### Task
Extract, exactly and without pictures, every line from the one that includes "体力をつかうみたいなので寝てもらい、その間に私が抱っこしてゲップをさせます。" through the final line of the material below.

### Source material
+--

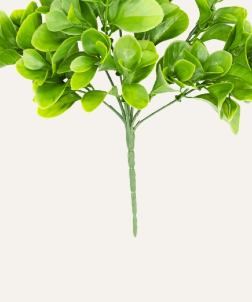 Su estructura resistente mantiene la forma y el volumen de la planta, permitiendo su uso tanto en interiores como en exteriores. Libre de mantenimiento, la peperonia artificial es una solución práctica y estética para oficinas, hoteles, comercios y proyectos contract que buscan vegetación decorativa de alta calidad sin los cuidados asociados a plantas naturales.
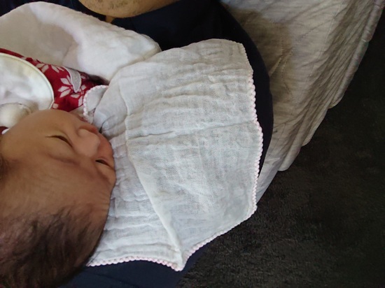 体力をつかうみたいなので寝てもらい、その間に私が抱っこしてゲップをさせます。
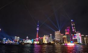 上海东方明珠广播电视塔坐落于浦东新区陆家嘴,位于世纪大道,上海东方明珠广播电视塔毗邻上海国际会议中心,隔江与外滩万国建筑相望。该塔高约468米,承担上海6套无线电视发射业务,并集都市观光、时尚餐饮于一体,于1995年被列入上海十大新景观之一。
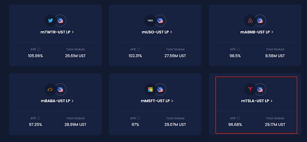 mAsset 购买后,还可以投进流动性池子和 UST 去挖矿,赚取 Mir。

+--

### Result of this task
 体力をつかうみたいなので寝てもらい、その間に私が抱っこしてゲップをさせます。
 上海东方明珠广播电视塔坐落于浦东新区陆家嘴,位于世纪大道,上海东方明珠广播电视塔毗邻上海国际会议中心,隔江与外滩万国建筑相望。该塔高约468米,承担上海6套无线电视发射业务,并集都市观光、时尚餐饮于一体,于1995年被列入上海十大新景观之一。
 mAsset 购买后,还可以投进流动性池子和 UST 去挖矿,赚取 Mir。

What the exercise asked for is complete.